Brussels, 20/07/2005 (Agence Europe) - On Wednesday, the European Commission adopted an opinion noting the existence of excessive deficit in Portugal, as well as recommendations calling on the Ecofin Council, to which the dossier will be referred on Tuesday 11 October in Luxembourg, to allow Portugal three years in which to bring its deficit down below the 3% of GDP mark fixed by the Stability and Growth Pact (EUROPE 8994). Also, Portugal should put an end to the deterioration of its public debt, which has breached the 60% of GDP Treaty reference value since 2003. If the recommendations are adopted by the EU Member State finance ministers, Portugal will thus, after Italy (EUROPE 8989), become the second country in excessive deficit to have more time allowed to it for correcting the situation thanks to the revised procedures of the Stability and Growth Pact.
The opinion forwarded by the Economic and Financial Committee (EFC) confirmed the elements contained in the report adopted on 23 June by the Commission (EUROPE 8975), namely: general government deficit of 6.2% of GDP in 2005 and well above 3% until 2007, and a public debate that has increased over recent years (over 60% of GDP in 2003, 61.9% in 2004 with further increases until 2007).
The Commission suggests that the Council should take the decisions needed to compel Portugal to reduce its structural deficit by around 1.5% in 2006, then by 0.75% in 2007 and in 2008. It is recommended that Portugal rigorously apply the correcting measures announced in order to limit the public deficit of 2005 to 6.2% of GDP. To achieve these targets, the Commission recommends that Portuguese authorities: - rapidly implement reforms allowing for budgetary expenditure to be controlled and reduced; - continue budgetary improvements; - and, if necessary, be ready to finalise additional measures to keep to the deadline of 2008 at the very latest.
The Portuguese authorities are invited to sustainably reduce the level of government debt in the country, so that it will come as close as possible to the reference value (60% of GDP). In this context, Portugal should also, the Commission says, evaluate and closely monitor the factors that contribute to a rise in debt levels, such as public investment (in infrastructure).
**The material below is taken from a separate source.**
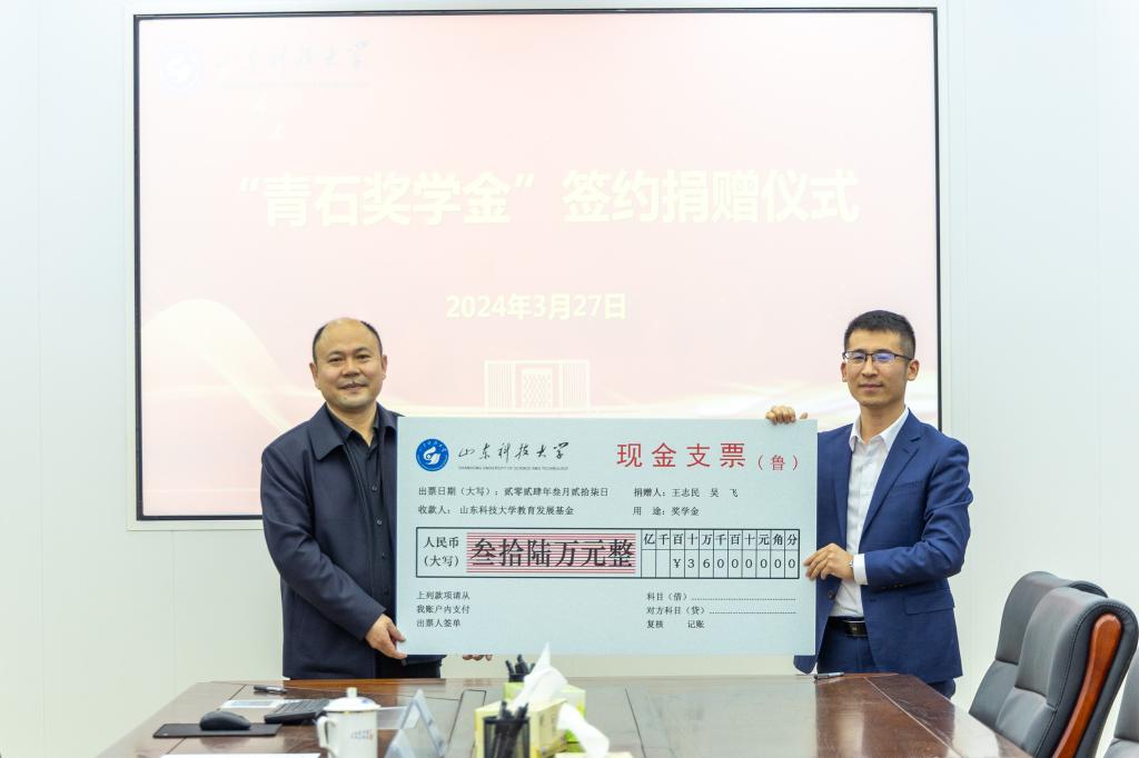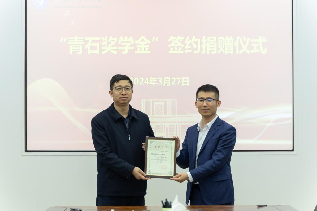 本科地信2007级校友、华信青石控股集团董事长、青石公益发起人王志民,本科地信2007级校友吴飞,以个人名义共同向学院捐赠36万元设立“青石奖学金”。校党委常委、副校长阳凡林出席捐赠仪式,并为王志民校友颁发捐赠证书。

Finally, Portugal is invited to keep improving the collection and processing of general government data and to pursue budgetary consolidation at a rapid pace in the years after 2008 to attain a budgetary position of close-to-balance or in surplus.
In line with Article 104, paragraphs 6 and 7 respectively, the Commission therefore recommends that the Council reach the conclusion that excessive deficit does exist in Portugal, and that it formulate recommendations inviting the country to take measures necessary to remedy the situation by 2008 at the latest.
As for Italy (EUROPE 8980) and according to the new procedures of the Stability Pact, the Commission took account within the time allowed of the importance of the adjustment requested and of the low economic growth this year, as well as the early diagnosis of deficit, said Amelia Torres, spokesperson for European Economic and Monetary Affairs Commissioner Joaquin Almunia.